Exelon presented a $22 million project to install 12 new 230-kV breakers at its Mount Zion substation in the PEPCO zone to limit the number of taps on one line, addressing the potential for multiple networked elements to go offline simultaneously. The project also would replace 24 disconnect switches, install relays at each new breaker and end station, and new telecommunications equipment. The project is in the engineering phase with an estimated in-service date of June 1, 2030.
Duke Energy presented a $63 million project to build a new 345-kV substation, named Turner, to serve a new service request near Mount Orab, Ohio, which is expected to ramp up to 2 GW of load in 2029. The line would be cut into the 345-kV Stuart-Hillcrest line, with additional lines of the same voltage being built to the Pierce and Don Marquis substations and a 1.2-mile loop connecting Turner to the existing 345-kV Pierce-Kyger Creek line. The work would be split between Duke; American Electric Power, which owns the Don Marquis site; and the Ohio Valley Electric Corp., which owns Kyger Creek and would split the Turner facility with Duke. The project is in the scoping phase with a projected in-service date of June 1, 2029.
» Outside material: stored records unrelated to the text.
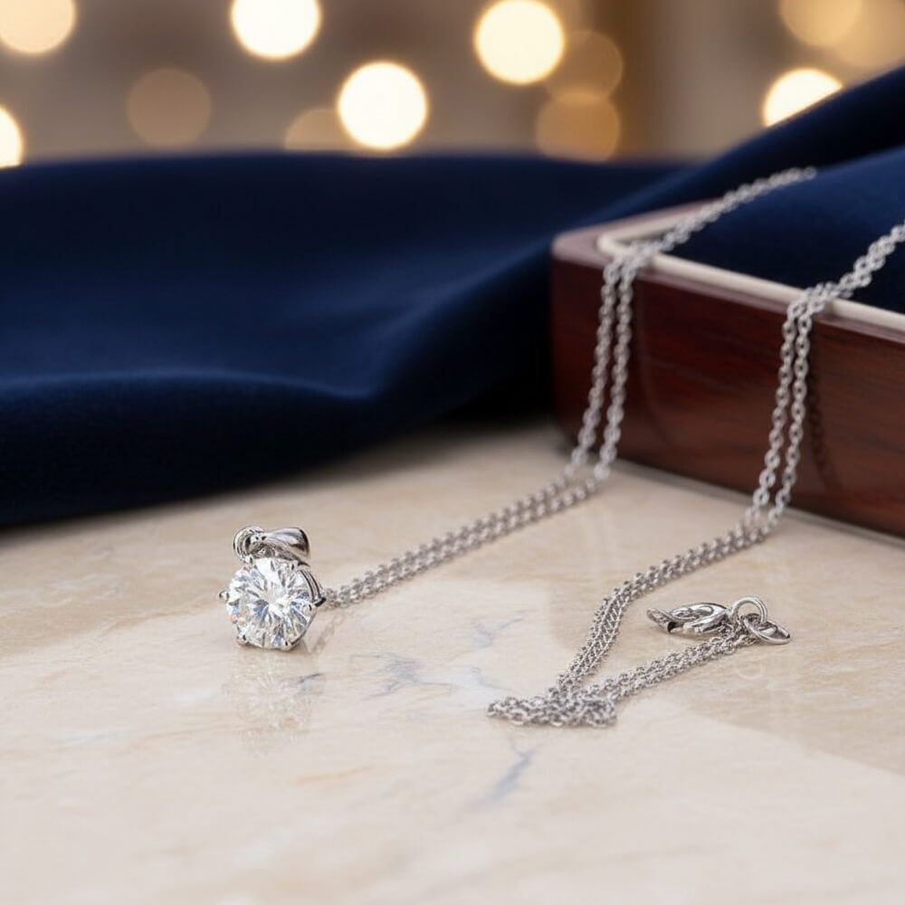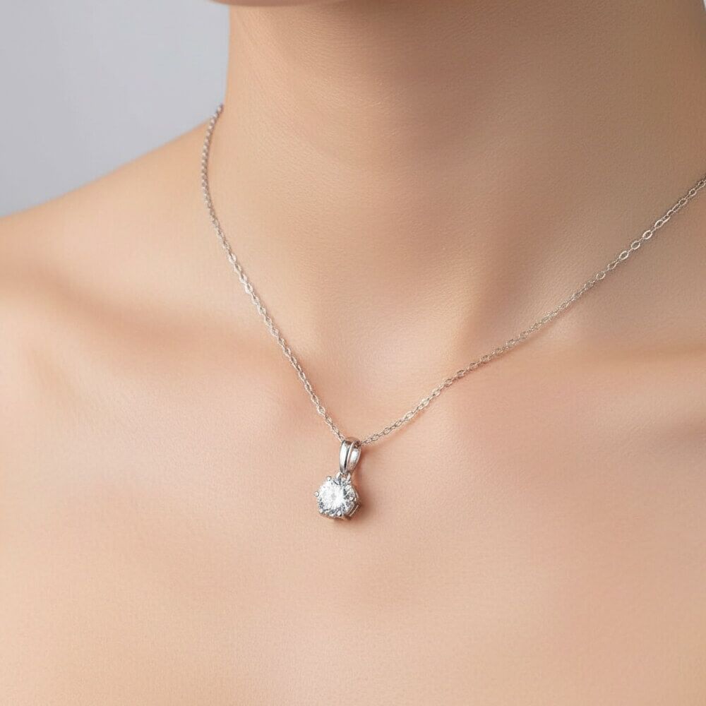 Unveil the essence of sophistication with our Moissanite Necklace in Sterling Silver. This exquisite piece is not just a necklace, but a symbol of elegance and class, designed to add a touch of brilliance to your everyday style and special occasions.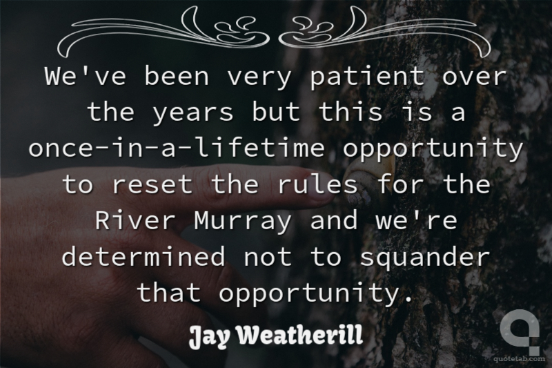 We've been very patient over the years but this is a once-in-a-lifetime opportunity to reset the rules for the River Murray and we're determined not to squander that opportunity.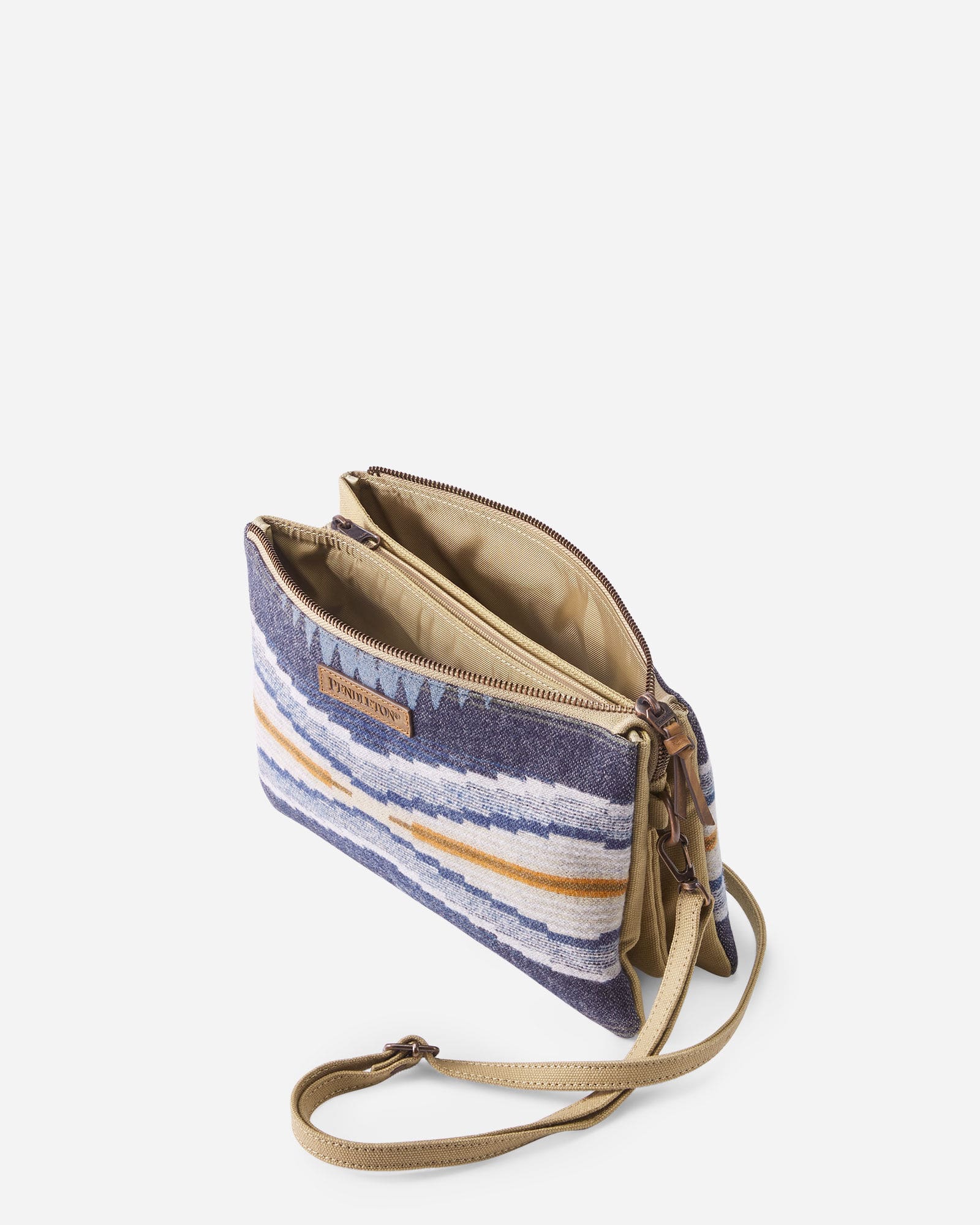 A trio of lined pockets are the perfect place to stash cash, credit cards, cell phone, key, lip balm and other small essentials. Outer zipper with leather tab; detachable 6½” wristlet strap. Crafted in the woven-in-USA wool. Random pattern placement.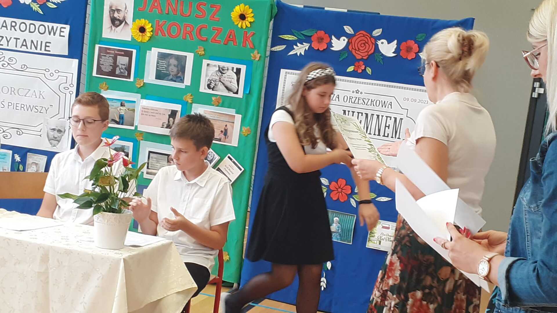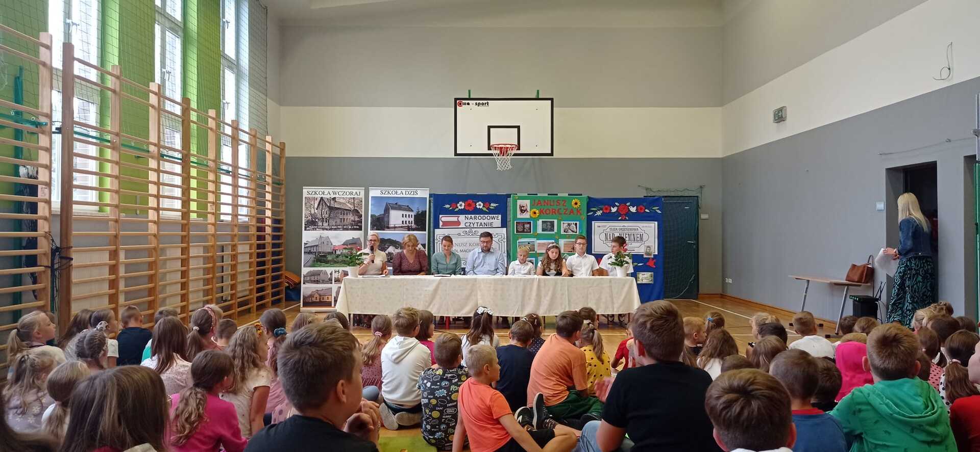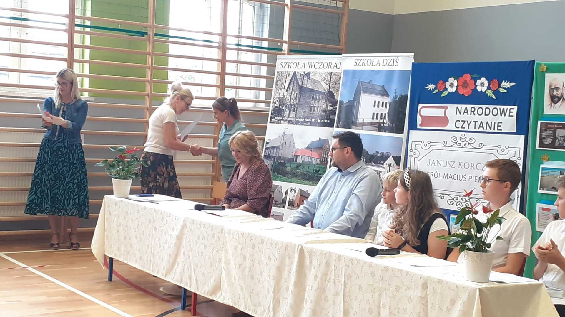 O odczytanie fragmentu poprosiliśmy Panią Dyrektor - Joannę Kolarczyk, rodziców uczniów klas starszych: Panią Małgorzatę Wojak, Panią Agnieszkę Wyszkoń, Pana Rafała Stencla oraz ucznów: Pawła Masarczyka z klasy IV, Magdalenę Wojak z klasy V, Andresa Burka z klasy VI oraz Michała Stencla z klasy VII.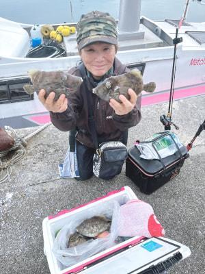 カワハギ | 18〜26cm | 18匹 | 胴付き3本針、重り30号 | 生アサリ | |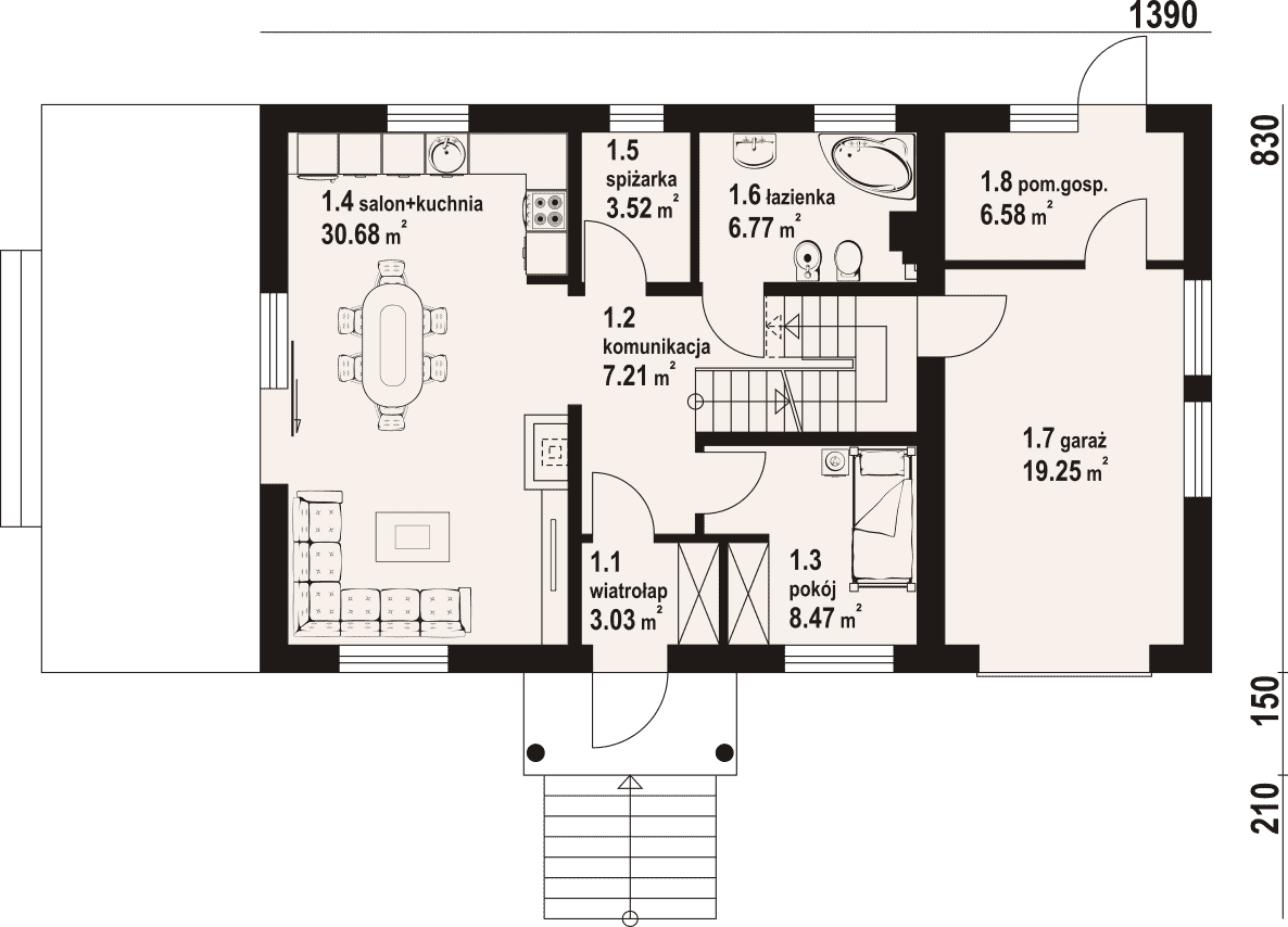 - 1.4 - salon+kuchnia30.68 m²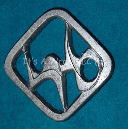 A Klingon unit badge like those featured variously in Star Trek episodic television. The item is made from molded rubber to keep from breaking in production use and painted metallic silver. It is a made to be affixed to Velcro backing or stitched onto the sleeve of Klingon warrior costume … |

Dominion presented four projects to construct adjacent substations in Henrico County, Va., to serve nearly 1 GW of data center load expected to come online in 2029. The network would be linked with $51 million of 230-kV lines cut into the existing transmission between the Chickahominy substation and White Oak and Portugee sites.
The $20 million Gray Bark substation would be cut into the Portugee-Chickahominy line and be configured in a 230-kV six-breaker ring configuration serving an ultimate load of 300 MW. Gray Bark would be linked to the $20 million Saltwood substation with two lines into a six-breaker ring serving 300 MW. Both substations are set to come online in the third quarter of 2027.
A $20 million Thicket substation would be built along the Chickahominy-White Oak line to serve 255 MW with a six-breaker ring. It would be linked to Saltwood by one line and another to a $15 million Bunker substation configured as a four-breaker ring to serve 104 MW. Both are estimated to come online in the fourth quarter of 2027, and the overall project is in the engineering phase.